Records excerpted from a collection
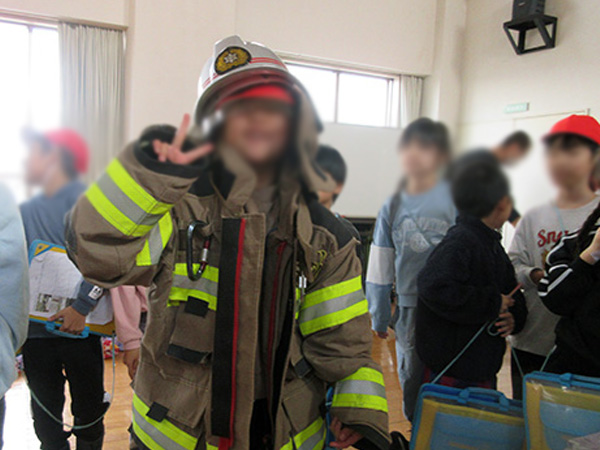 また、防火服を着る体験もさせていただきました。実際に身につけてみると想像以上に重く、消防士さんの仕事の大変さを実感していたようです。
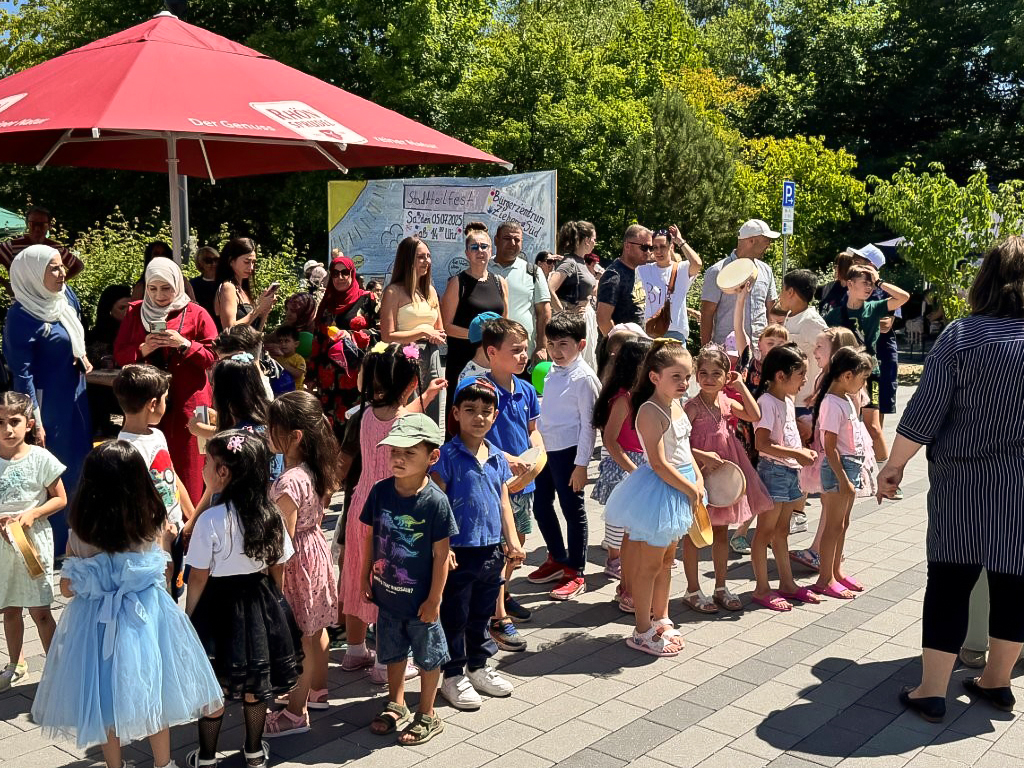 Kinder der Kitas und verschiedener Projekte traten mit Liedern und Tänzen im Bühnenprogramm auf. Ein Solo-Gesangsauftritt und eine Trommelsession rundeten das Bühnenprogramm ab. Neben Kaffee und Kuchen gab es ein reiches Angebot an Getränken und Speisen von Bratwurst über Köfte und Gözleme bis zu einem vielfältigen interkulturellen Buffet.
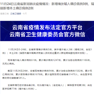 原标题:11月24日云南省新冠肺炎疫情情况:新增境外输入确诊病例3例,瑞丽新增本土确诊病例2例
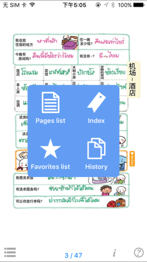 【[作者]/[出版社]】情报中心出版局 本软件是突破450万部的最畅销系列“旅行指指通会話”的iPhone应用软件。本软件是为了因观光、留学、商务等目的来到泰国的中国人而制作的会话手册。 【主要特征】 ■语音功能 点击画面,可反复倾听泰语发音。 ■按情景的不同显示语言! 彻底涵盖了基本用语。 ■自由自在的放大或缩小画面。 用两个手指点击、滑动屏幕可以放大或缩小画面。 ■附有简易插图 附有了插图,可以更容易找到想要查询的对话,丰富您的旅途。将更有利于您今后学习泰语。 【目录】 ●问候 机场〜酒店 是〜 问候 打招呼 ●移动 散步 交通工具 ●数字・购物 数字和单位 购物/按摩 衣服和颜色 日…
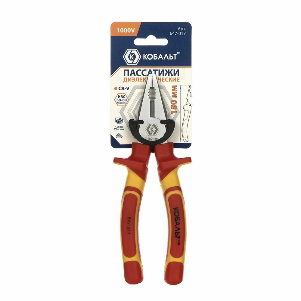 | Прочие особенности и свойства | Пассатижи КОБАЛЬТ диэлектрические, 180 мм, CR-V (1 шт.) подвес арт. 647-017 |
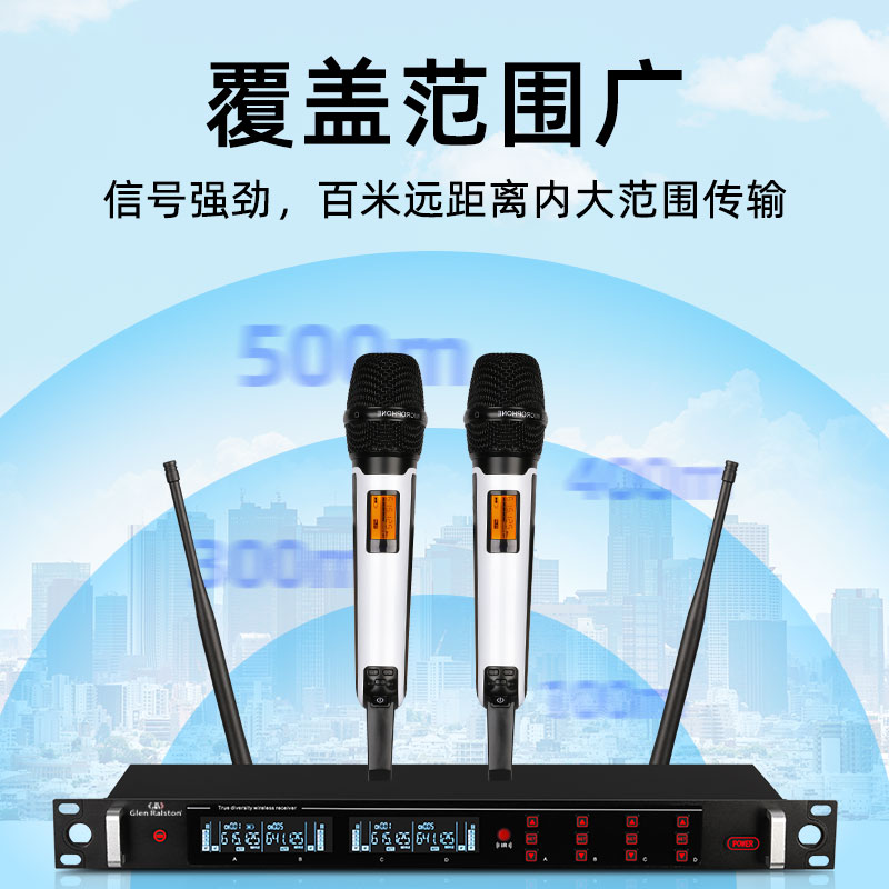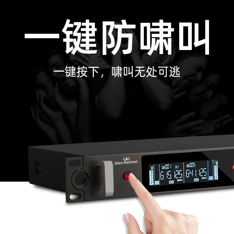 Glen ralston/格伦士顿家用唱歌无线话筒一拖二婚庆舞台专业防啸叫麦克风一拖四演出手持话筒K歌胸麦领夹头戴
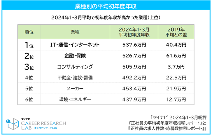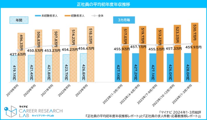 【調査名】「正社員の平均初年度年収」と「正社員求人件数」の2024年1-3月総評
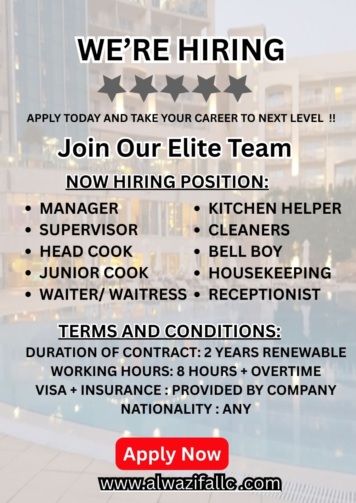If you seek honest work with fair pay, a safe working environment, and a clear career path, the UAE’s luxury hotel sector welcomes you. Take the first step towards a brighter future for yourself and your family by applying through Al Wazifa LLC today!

Brief: A faithful copy of every record is needed here. Leave the images out of it.

Completed task:
 また、防火服を着る体験もさせていただきました。実際に身につけてみると想像以上に重く、消防士さんの仕事の大変さを実感していたようです。
 Kinder der Kitas und verschiedener Projekte traten mit Liedern und Tänzen im Bühnenprogramm auf. Ein Solo-Gesangsauftritt und eine Trommelsession rundeten das Bühnenprogramm ab. Neben Kaffee und Kuchen gab es ein reiches Angebot an Getränken und Speisen von Bratwurst über Köfte und Gözleme bis zu einem vielfältigen interkulturellen Buffet.
 原标题:11月24日云南省新冠肺炎疫情情况:新增境外输入确诊病例3例,瑞丽新增本土确诊病例2例
 【[作者]/[出版社]】情报中心出版局 本软件是突破450万部的最畅销系列“旅行指指通会話”的iPhone应用软件。本软件是为了因观光、留学、商务等目的来到泰国的中国人而制作的会话手册。 【主要特征】 ■语音功能 点击画面,可反复倾听泰语发音。 ■按情景的不同显示语言! 彻底涵盖了基本用语。 ■自由自在的放大或缩小画面。 用两个手指点击、滑动屏幕可以放大或缩小画面。 ■附有简易插图 附有了插图,可以更容易找到想要查询的对话,丰富您的旅途。将更有利于您今后学习泰语。 【目录】 ●问候 机场〜酒店 是〜 问候 打招呼 ●移动 散步 交通工具 ●数字・购物 数字和单位 购物/按摩 衣服和颜色 日…
 | Прочие особенности и свойства | Пассатижи КОБАЛЬТ диэлектрические, 180 мм, CR-V (1 шт.) подвес арт. 647-017 |
 Glen ralston/格伦士顿家用唱歌无线话筒一拖二婚庆舞台专业防啸叫麦克风一拖四演出手持话筒K歌胸麦领夹头戴
 【調査名】「正社員の平均初年度年収」と「正社員求人件数」の2024年1-3月総評
If you seek honest work with fair pay, a safe working environment, and a clear career path, the UAE’s luxury hotel sector welcomes you. Take the first step towards a brighter future for yourself and your family by applying through Al Wazifa LLC today!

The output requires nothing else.